July 2002
The train trip from Labrador City starts at 2:00 pm Thursday, and after a change in Ross Bay Junction, you arrive in Schefferville at about 9:00 pm. Unless you stay for a week, the return is at 9:00 am the next morning. Although brief, the long hours of sunlight at this latitude allows for enough viewing to see it all. There is one "hotel" where you can stay for $140, and there is one taxi to get you there, after he has delivered the train crew to the same destination, and anyone else whom he considers of a higher priority than you. That makes for a rather brief visit - but in our case, a very worthwhile one. You'll be back in the big city of Lab City by 5:00 pm the next day.
Any of you oldtimes who want more information, or to see more photos, you can contact me for a more complete report. What an experience - which we never thought we would have!
Perhaps only those who have lived in Schefferville will appreciate this story, and that makes a very exclusive short list. For the rest of you, this town was begun with with arrival of the railway in 1954, when it became a leading iron ore mining town, operated by the Iron Ore Company of Canada. Schefferville is located 360 miles north of the St. Lawrence river town of Sept Isles, and was served by a railway, and when weather permitted Quebecair. No road then, now, or likely ever in the future. Production peaked during the 1970's, and terminated in 1985. The Schefferville ores were defined as "direct shipping" since the blast furnaces of the era could use the product directly in their feedstocks. In subsequent years, the ores from the Labrador City area became more attractive since they could be more readily beneficiated into a product of higher iron content and improved physical characteristic. Since "ore" is defined as a rock which can be mined at a time, at a place and at a profit - the Schefferville rock was no longer "ore"!

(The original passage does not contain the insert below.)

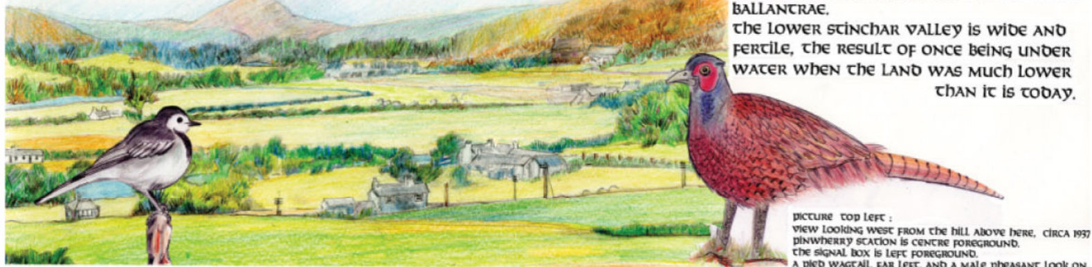
PICTURE TOP LEFT : VIEW LOOKING WEST FROM THE HILL ABOVE HERE, CIRCA 1937 PINWHERRY STATION IS CENTRE FOREGROUND, THE SIGNAL BOX IS LEFT FOREGROUND, A DIED WAGTAIL, FAR LEFT, AND A MALE PHEASANT LOOK ON.

THE ARRIVAL OF THE GLASGOW AND SOUTH WESTERN RAILWAY, IN 1877, BROUGHT ECONOMIC OPPORTUNITIES TO SMALL, RURAL COMMUNITIES, LIKE PINWHERRY AND PINMORE, STIMULATING CHANGE AS NEVER BEFORE.

So to be simplistic you might say the mines closed, and the town disappeared or became a ghost town as happens to most mining towns. Not so in this case. During the heydays, the native population living scattered over the Ungava Peninsula to the north had migrated to Schefferville which offered a connection to the outside, services and perhaps for a few - jobs. Now the 4 - 5 thousand whites have departed, and the thousand or so natives remain - along with a small number of odd individuals (30 in the winter - 100 or so in the summer) who provide administrative functions and work in the outfitting trade which now provides the town with a lucrative industry. In our days there was lot's of fishing, but caribou were unheard of. Now there are people willing pay up to $6,500 for a week of living in a tent and hunting for a caribou (which are now abundent).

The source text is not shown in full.